Abstract
A systematic review was conducted to synthesize the evidence related to the effectiveness of baby sign language for children with typical development. This response to a Commentary on the review stresses that the primary purpose of the review was to assist caregivers and policy makers with informed decision-making related to the benefits of the intervention. This response reiterates the need for rigorous studies to evaluate whether early exposure to baby sign can enhance children’s development. While there is no conclusive evidence to support the effectiveness of baby sign intervention, this response concludes that there is also no evidence that early exposure to sign language negatively affects typical development.
We are pleased that our review of baby sign intervention has generated such thoughtful reflections. As researchers with clinical backgrounds in human communication disorders we strive to apply scientific knowledge to help our clinician colleagues, parents, and decision-makers make appropriate decisions about language related issues. This was the primary motivation driving the need for an updated review of the evidence related to baby sign for infants with normal hearing, a subject that remains highly topical. Clinicians are aware that they have limited time with their pediatric clients and that it is essential that the interventions they undertake are effective. Parents are interested in activities that will be enjoyable and educational for their young children. Decision-makers have a responsibility to fund interventions that make a positive difference in the lives of young children. The primary intent of our systematic review on the impact of gestural communication was to examine the effectiveness of this intervention for infants and their caregivers to help these groups make informed decisions.
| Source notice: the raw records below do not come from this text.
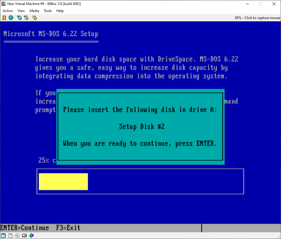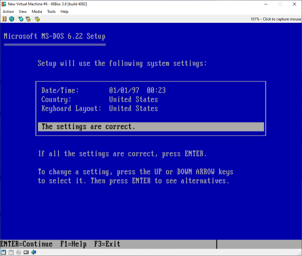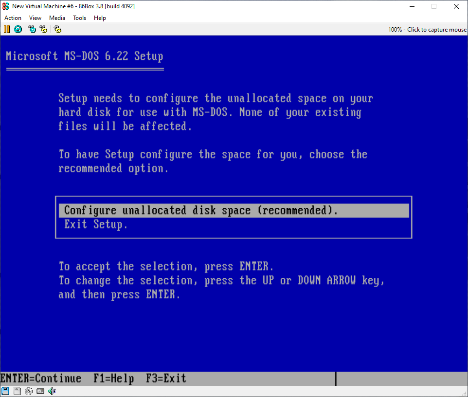 You should be greeted with a blue screen that welcomes you to the set-up. If you are new to MS-DOS, you should read the text on the welcome screen before proceeding.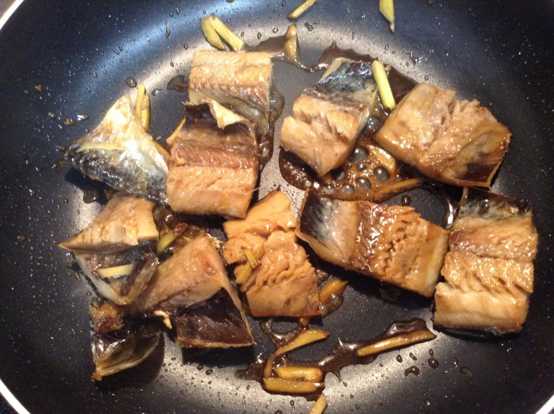 4、フライパンに3を入れて水分がなくなって照りが出るまで煮込みます。 |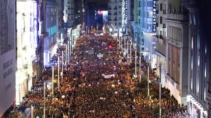“Aquí estamos las feministas” volvió a ser coreado con efervescencia ese día. La manifestación superó cualquier expectativa de las convocantes. Una de ellas, Julia Santos, estudiante de Sociología y Relaciones Internacionales en la Universidad Complutense de Madrid, recuerda que esperaban como mucho a 1.000 o 1.500 personas. “Fue totalmente improvisado, y no esperábamos multitudes. De repente, empezaron a llegar decenas de miles de mujeres. Nos pasó lo mismo que el 8M. Desbordó cualquier expectativa que pudiéramos tener, como si mucha gente estuviera esperando simplemente una oportunidad para salir a gritar su hartazgo”.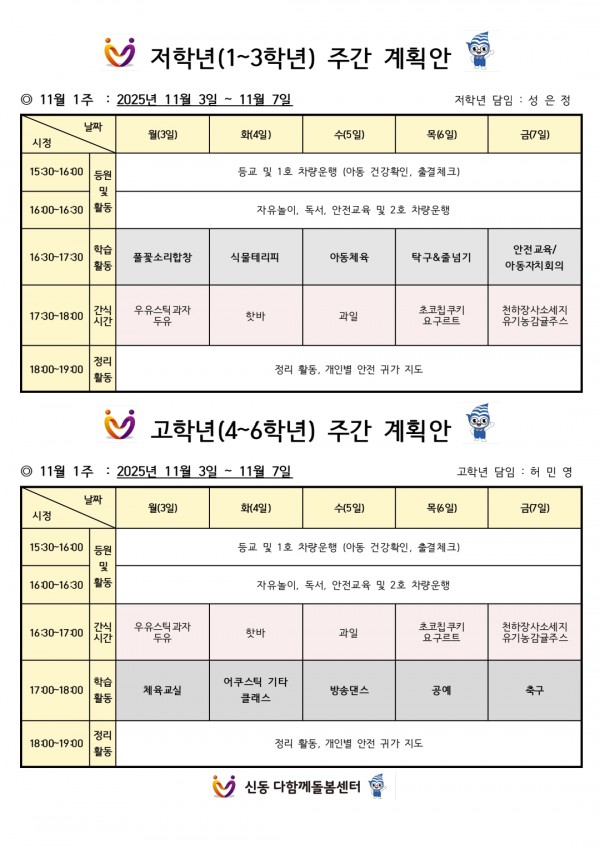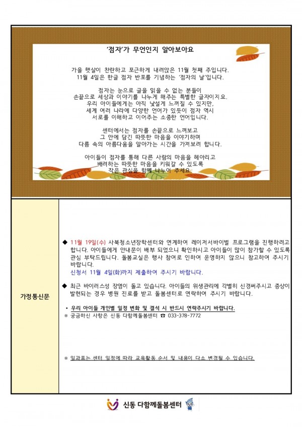11월 1주차 주간계획안 페이지 정보 작성자 최고관리자 댓글 0건 조회 2회 작성일 25-11-07 10:41 본문 신동 다함께돌봄센터 11월 1주차 주간계획안 입니다. 목록 이전글11월 2주차 주간계획안 25.11.07 다음글신동 다함께돌봄센터] 10월 휴관 안내 25.09.29 댓글목록 댓글목록 등록된 댓글이 없습니다.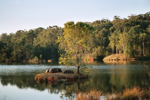 Lake with hippos in the Mlilwane reserve, Swaziland. Taken in August 2003 by Eckhard Pecher, published under GNU license. Taken from de:Bild:ZA03B0013.jpg.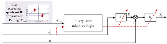 The adaptation module of the human pilot model can be seen in Figure 4 and Figure 5. The initial structure of the module refers to the Hess adaptive human pilot model [34,35,36]. There are two gain parameters Kp and Kr in each control loop of the adaptation module. Here, the envelope cue is separated into two parts: the envelope cue for exceeding quadrant II or quadrant IV and the envelope cue for exceeding quadrant I or quadrant III. Among them, the envelope cue of exceeding quadrant II or quadrant IV will remind the pilot that the aircraft is prone to PIO (as shown in Figure 4). This cue signal is set as Kcue1. In this situation, the human pilot will mitigate the control magnitude and increase the damping. Here, Kp is the control gain of the error signal, which affects the magnitude of the human pilot manipulation. Kr reflects the damping of the inner closed-loop system. Through the analysis of aircraft configuration, Kr decreases with the increase of damping ratio. Therefore, both the inner loop gain Kr and outer loop gain Kp will decrease in the envelope cue exceeding the quadrant II or quadrant IV. Furthermore, the envelope cue exceeding quadrant I or quadrant III will warn the pilot that the manipulation is large and inappropriate (as shown in Figure 5). This cue signal is set as Kcue2. Then the human pilot will reduce the control magnitude, namely, decreasing the outer loop gain Kp.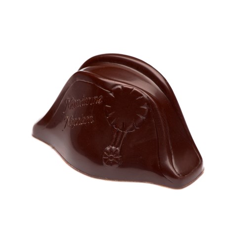 De hoed en de likeur verenigd in een fondantchocoladen praline. Gevuld met een ganache van Mandarine Napoléon.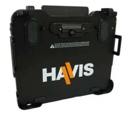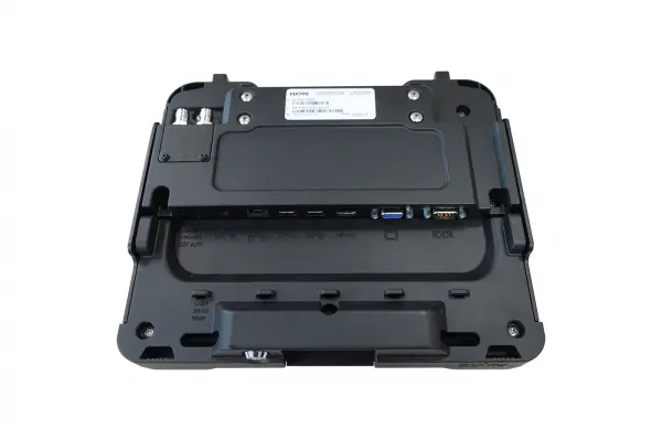 Dokovací stanice s Porty: 2× USB 3.0, 1× LAN, 1× sériový port, 1× HDMI, 1× VGA, průchod pro dvě antény, vstup napájení 16 V DC.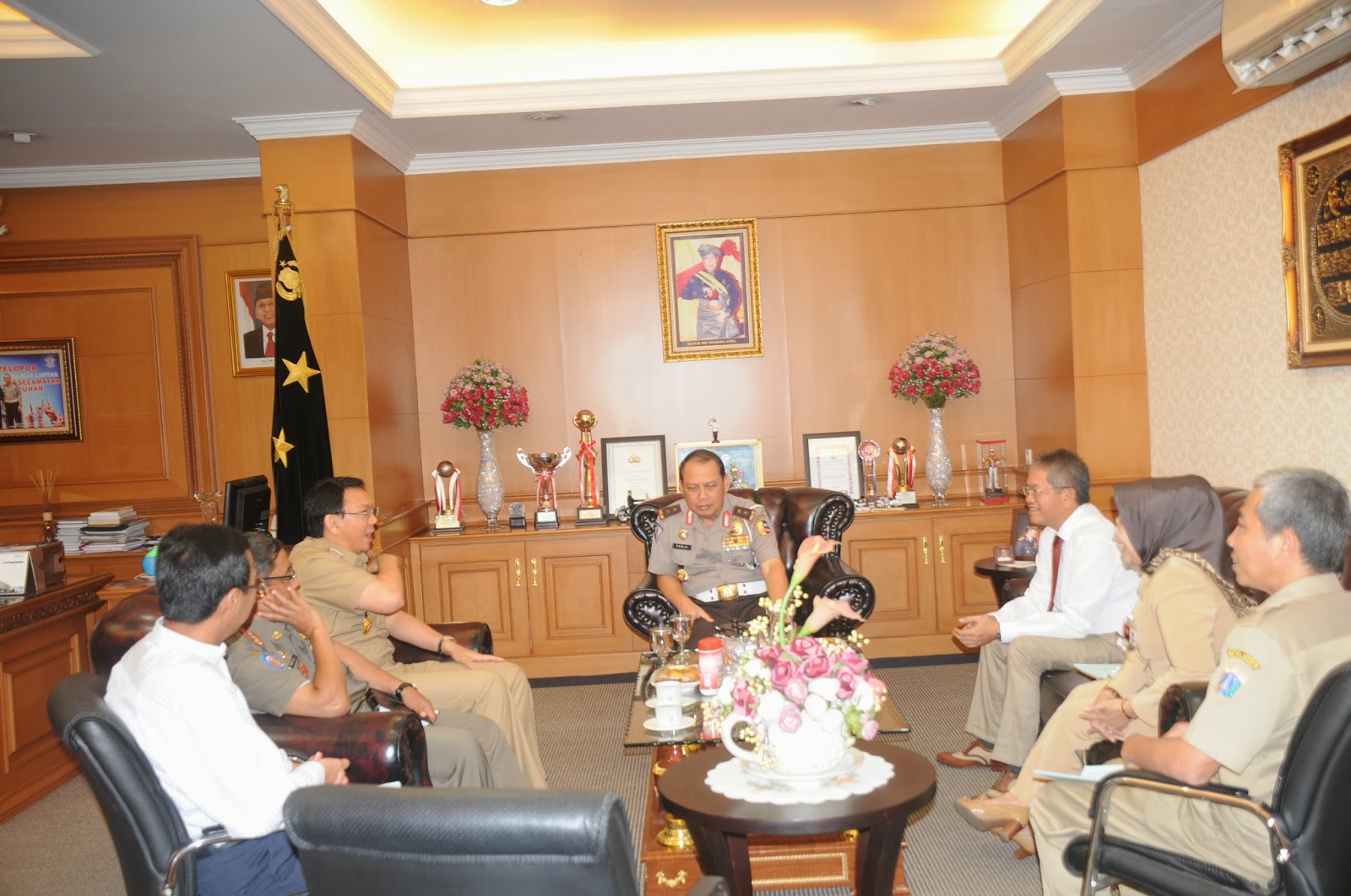 Kepala Korps Lalu Lintas Irjen Pol Drs. Pudji Hartanto, MM bersama para pejabat utama kepolisian. Rabu pagi menerima kunjungan Wakil Gubernur DKI Ir. Basuki T Purnama atau Ahok.

We wholeheartedly agree with the authors of the commentary on our review, Lorraine Howard and Gwyneth Doherty-Sneddon, that there is a need for additional, methodologically strong research to clarify the nature of gestural sign intervention and to examine its effectiveness. Within human communication research there are a number of interventions, which are not amenable to rigorous methodological evaluations due to ethical or feasibility limitations. For example, researchers and clinicians are reluctant to withhold interventions from children with known difficulties. However, the effectiveness of baby sign programs with typically developing children can be evaluated through experimental studies using the gold standard of evaluation, the randomized controlled trial. Researchers would certainly be able to enroll a large enough sample size of normal hearing parents and typically developing infants for the study to be adequately powered to detect whether baby sign intervention affects children across various areas of communication development. In addition, it would be possible for researchers to be blinded to the allocation of participants to the intervention and control groups during data collection and analysis of the results. If we are to appropriately assess the effectiveness of baby sign or other gestural interventions for infants with normal hearing, as is needed, it will be important to apply well-developed research techniques from our colleagues in medicine and epidemiology (Haynes, Sackett, Guyatt, & Tugwell, 2005). We appreciate the additional comments from Howard and Doherty-Sneddon and hope that this discussion will heighten interest in conducting empirical research in this continuing area of interest.
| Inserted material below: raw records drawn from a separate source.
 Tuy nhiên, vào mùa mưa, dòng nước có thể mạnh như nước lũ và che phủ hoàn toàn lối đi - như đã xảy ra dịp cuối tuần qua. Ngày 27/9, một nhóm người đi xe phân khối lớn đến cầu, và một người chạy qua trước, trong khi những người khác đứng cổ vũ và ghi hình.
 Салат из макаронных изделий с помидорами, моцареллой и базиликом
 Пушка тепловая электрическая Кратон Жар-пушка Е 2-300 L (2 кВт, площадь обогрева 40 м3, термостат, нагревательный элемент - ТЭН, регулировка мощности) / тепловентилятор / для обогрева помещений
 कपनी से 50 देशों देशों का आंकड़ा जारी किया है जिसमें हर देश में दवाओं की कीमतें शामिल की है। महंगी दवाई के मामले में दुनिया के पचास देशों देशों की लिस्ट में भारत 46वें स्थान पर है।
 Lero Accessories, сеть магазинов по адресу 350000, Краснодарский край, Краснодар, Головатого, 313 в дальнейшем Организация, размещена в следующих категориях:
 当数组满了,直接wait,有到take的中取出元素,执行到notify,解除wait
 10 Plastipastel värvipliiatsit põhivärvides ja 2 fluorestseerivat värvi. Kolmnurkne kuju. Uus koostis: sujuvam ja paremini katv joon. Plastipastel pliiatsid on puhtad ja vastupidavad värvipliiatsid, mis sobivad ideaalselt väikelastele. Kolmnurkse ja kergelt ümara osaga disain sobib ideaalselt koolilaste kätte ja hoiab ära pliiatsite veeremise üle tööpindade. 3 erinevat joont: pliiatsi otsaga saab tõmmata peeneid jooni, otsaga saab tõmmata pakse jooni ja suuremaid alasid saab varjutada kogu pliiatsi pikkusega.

The authors of the commentary suggest that it is possible that some studies were not captured in our search given the different forms of baby sign currently in use. We think that it is highly unlikely that studies were missed given the comprehensive search strategy that was adopted with the assistance of two library information specialists in systematic reviews. We considered any study for inclusion that reportedly used any form of baby sign intervention even if it was anchored in established sign language systems as long as these were carried out with children with normal hearing, our study group of interest for the current review. If such studies were available to demonstrate the effectiveness of symbolic gestures, it is very likely that they would be widely known and well popularized on websites promoting these interventions. Furthermore, there is no indication that one or two more studies using a more sociocultural sign approach would produce different conclusions in addressing the question of the effectiveness of these interventions for typically developing children.
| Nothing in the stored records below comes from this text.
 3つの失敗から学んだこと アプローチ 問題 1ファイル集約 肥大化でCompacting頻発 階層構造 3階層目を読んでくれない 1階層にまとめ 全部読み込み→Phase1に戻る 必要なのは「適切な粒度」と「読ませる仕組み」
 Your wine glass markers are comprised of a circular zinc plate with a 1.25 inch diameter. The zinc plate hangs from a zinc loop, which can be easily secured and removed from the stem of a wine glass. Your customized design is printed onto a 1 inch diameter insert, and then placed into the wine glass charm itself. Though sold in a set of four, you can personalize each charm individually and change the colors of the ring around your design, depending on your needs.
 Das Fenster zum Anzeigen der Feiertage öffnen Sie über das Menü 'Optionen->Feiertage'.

We appreciate the useful comments that the authors bring forward, particularly in highlighting that there is a body of literature on the importance of gestures for early communication development as well as their interesting observation about how culturally Deaf parents phase in gestural language with their children. However, in our view, while this is an interesting discourse, such a discussion is beyond the intent of our review, which was to examine the evidence for the effectiveness of baby sign for children with normal hearing of hearing parents. We acknowledge, as clearly noted in the introductory section of our review, that there is research supporting the advantages of gesture use in facilitating parent–child interaction and early communication development (Miller & Lossia, 2013; Olson & Masur, 2013; Rowe & Goldin-Meadow, 2009). Nevertheless, for the reasons detailed in our report, despite the relatively long history and apparent popularity of baby sign intervention, there remains no conclusive empirical evidence supporting its effectiveness. We are also in full agreement with Howard and Doherty-Sneddon, as stated in the concluding remarks of our report, that there is no evidence that introducing sign language of any form in infancy has negative effects.
Howard and Doherty-Sneddon’s commentary continues the important conversation regarding the value of symbolic gesture interventions with infants who have normal hearing. The addition of the psycholinguistic perspective is important and adds to the complexity of the issue. It is this continued interdisciplinary conversation, paired with methodologically rigorous evaluation that will help to improve our knowledge regarding the impact of gestural interventions.